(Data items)

····················

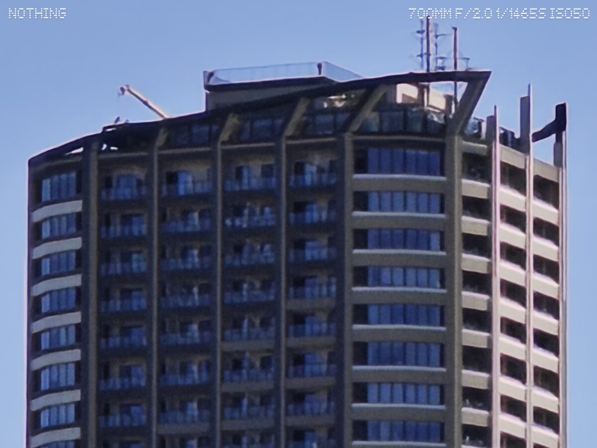 特に望遠レンズを搭載していないにも関わらず、光量がある環境では5倍ズームぐらい、低光量の時は2~3倍ぐらいまでは実用性がある印象です。望遠レンズを搭載しているPhone (3a) と比べると、やはり望遠はPhone (3a) の方が強いですが、それに迫るぐらいの実力と言える結果でした。
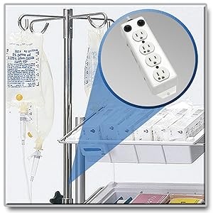 Built-in mounting flanges and integrated keyhole slots allow you to install the durable all-metal housing on any mobile cart or IV pole for distributing power to movable rack-, table- and pedestal-mounted equipment.
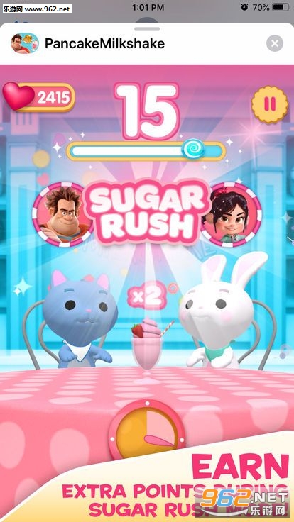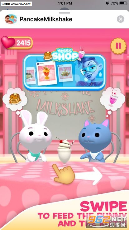 Pancake Milkshake游戏是最近很多的一款小游戏,这款游戏是根据迪士尼的电影《无敌破坏王2》彩蛋改编的游戏,这个电影中的彩蛋真的是多到导演自己都数不清,于是就有粉丝专门制作了这款游戏,最有趣的应该就是一个小兔子和猫咪在桌子上偷吃食物,这款游戏就是根据这个场景打造的,玩家们需要喂更多正确的食物给对方吃,这样才能得分。
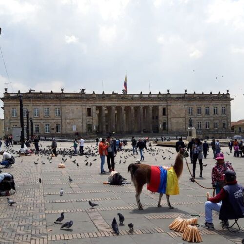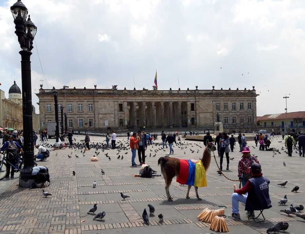 Etwa 100 wie auf einem Schachbrett angeordnete, mit Häusern bebaute Quadrate bedecken die von der Plaza Bolívar nach Osten hin in Richtung Monserrate reichende schiefe Ebene. Wir steifen wir durch die engen, kopfsteingepflasterten Straßen und lassen uns von Bogotás Streetart inspirieren bis wir am Plaza Bolívar sind. Dieser gewaltige, baumlose Platz ist das Regierungszentrum von Bogotá und Herz der Stadt. Der Platz ist gefüllt mit Touristen, Straßenverkäufern und Tauben.
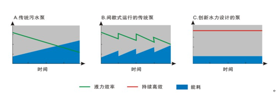 由于具有自清潔能力,隨著時(shí)間延長(zhǎng),創(chuàng)新水力設(shè)計(jì)的泵扔保持其高效率,這樣可以大程度地降低能源成本(圖C)
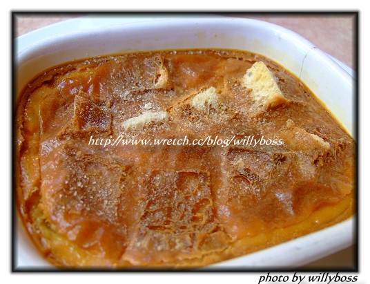 份量蠻大,吃起來有點像蒸蛋,可以吃到一些厚片麵包的切塊,我記得知名大賣場大潤發的麵包部也都有賣這一道點心,差別只在表面顏色,還有大潤發的是冷的。
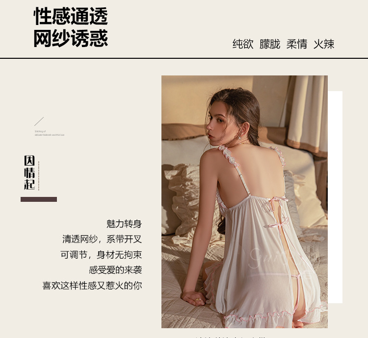 【YW】无忧购“3.8春日礼遇”情趣内衣性感透视网纱开叉系带诱惑睡裙19095(截单后3-5天发货)
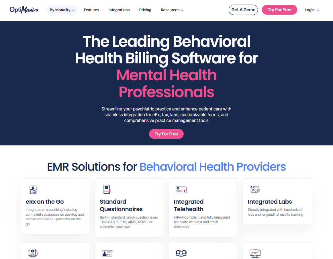 OptiMantra is a great choice for behavioral health practices in 2025. Unlike many EMRs that only serve therapists or psychiatrists, OptiMantra supports integrated, whole-person care, making it ideal for clinics that combine behavioral health with primary care, wellness, or psychiatry.
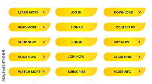 Wall mural web apps buttons set. yellow shiny reflected. vector eps 10
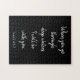 Have fun for hours putting this very challenging Bible verse puzzle together. This features a scripture from the Book of Isaiah, "When you go through deep waters, I will be with you". It is written in white cursive font on a black background. Order yours today!
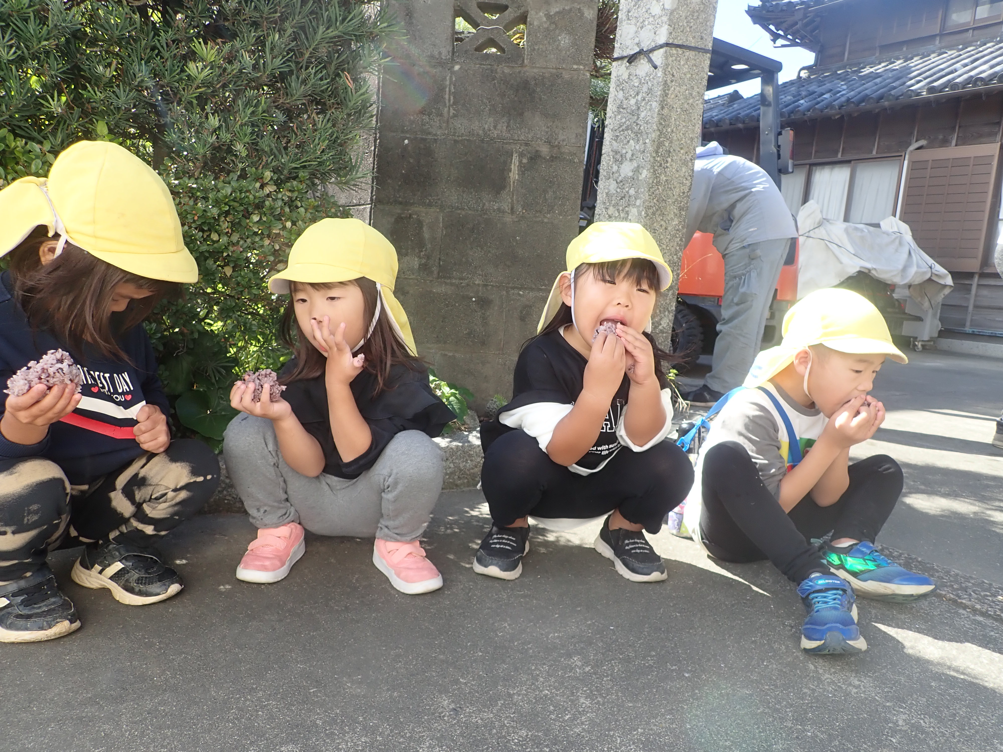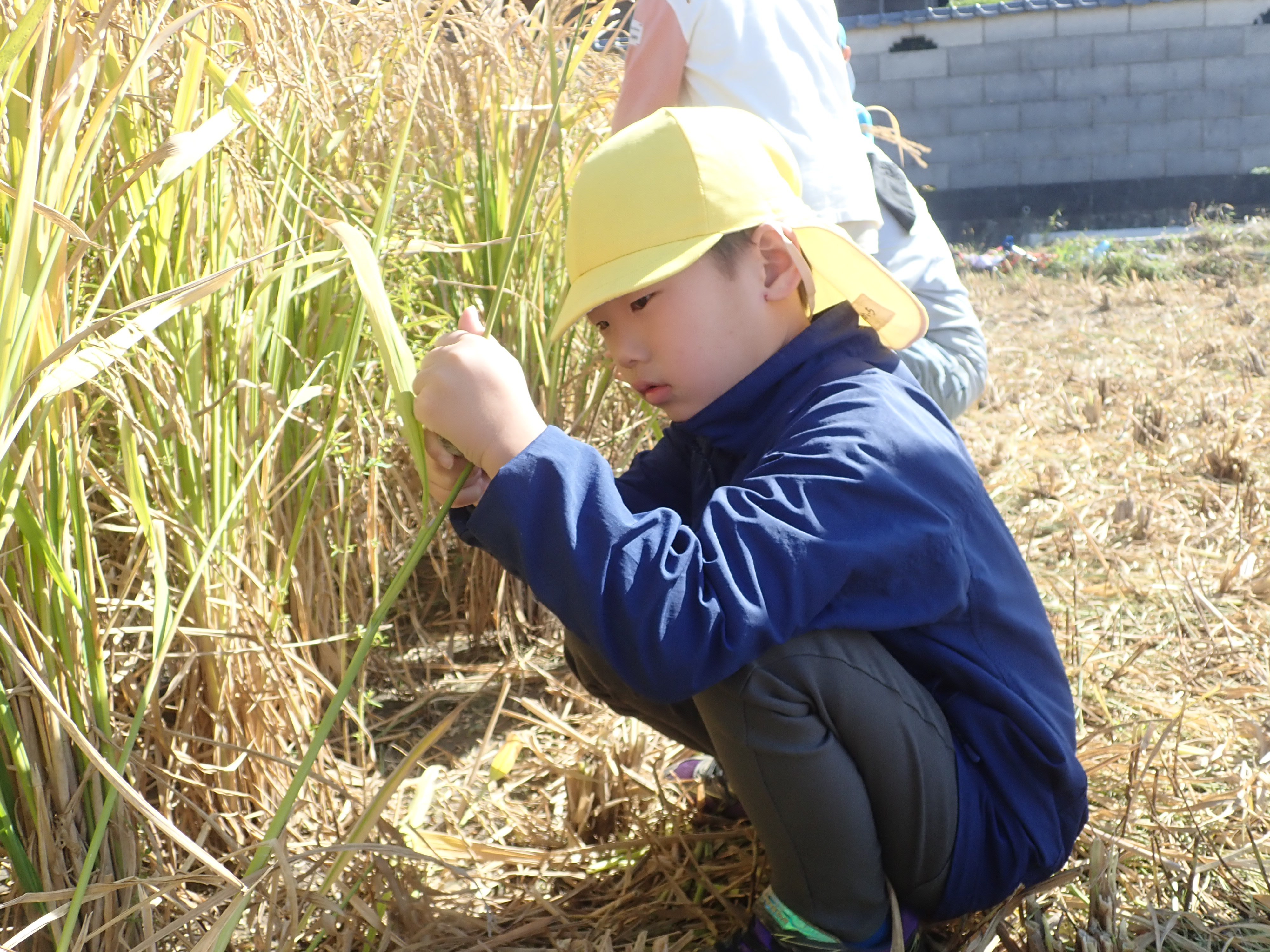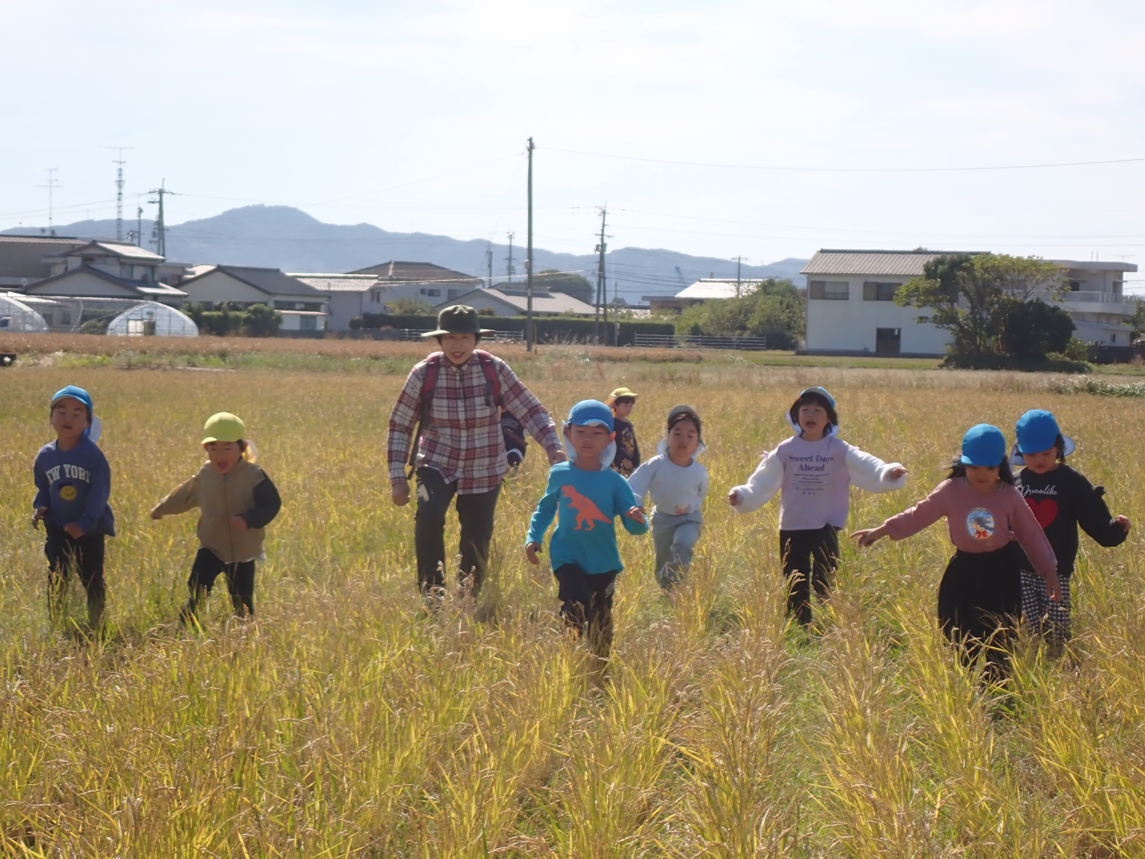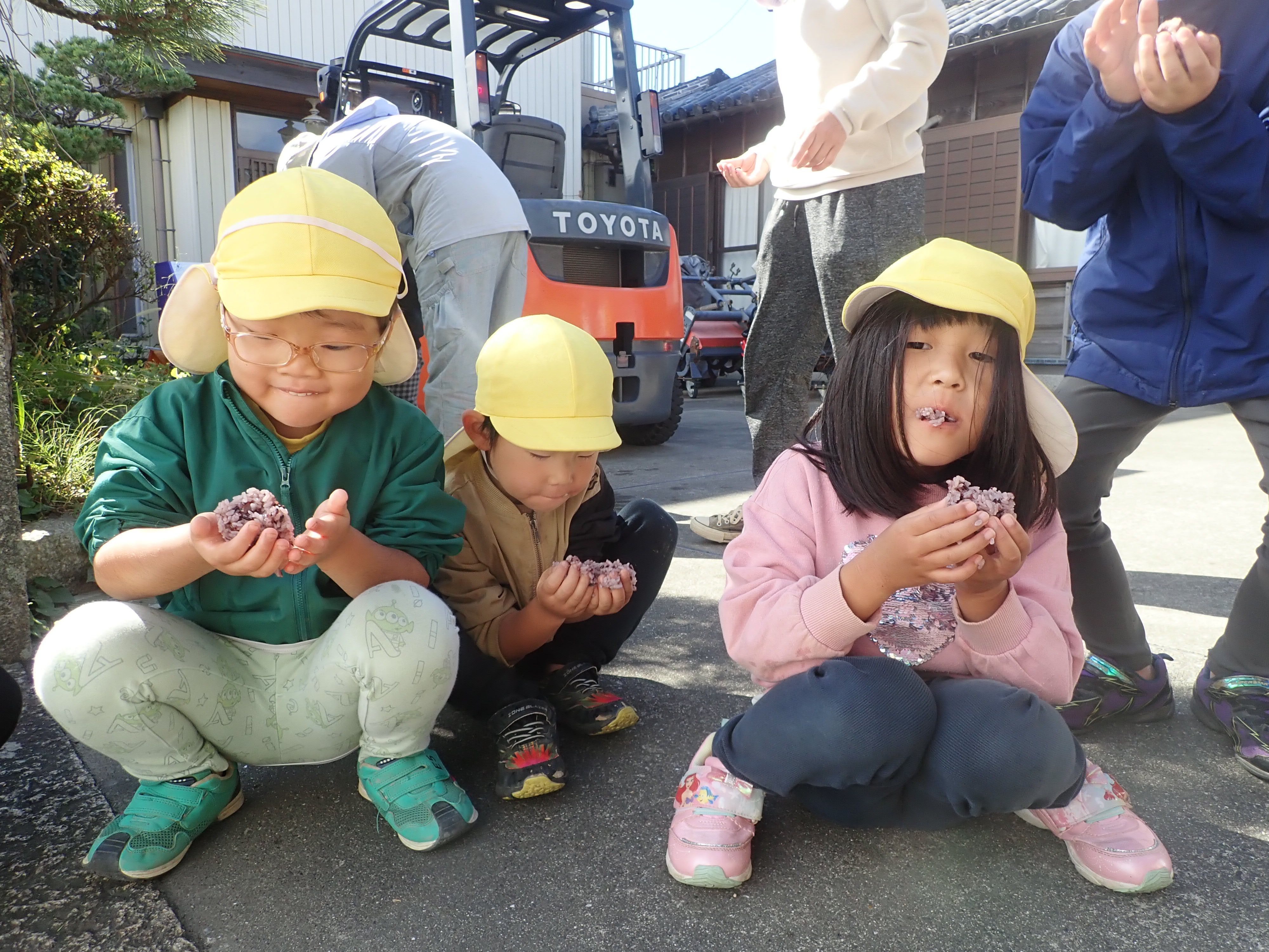 田んぼ泥んこと田植えをした野菊の里で稲刈りをしたよ稲刈りの後は広~い田んぼでヨーイドン!釜で炊いたご飯を炊いてくれまして、自分で握ったおにぎりをパクリ「おいし~い♡」おかわりをする子どもが続出!

····················

__Work request__. Give again, word for word, the line that contains "Have fun for" and every line after it through the end of the entries; omit the pictures.

__Problem solution__.
 Have fun for hours putting this very challenging Bible verse puzzle together. This features a scripture from the Book of Isaiah, "When you go through deep waters, I will be with you". It is written in white cursive font on a black background. Order yours today!
 田んぼ泥んこと田植えをした野菊の里で稲刈りをしたよ稲刈りの後は広~い田んぼでヨーイドン!釜で炊いたご飯を炊いてくれまして、自分で握ったおにぎりをパクリ「おいし~い♡」おかわりをする子どもが続出!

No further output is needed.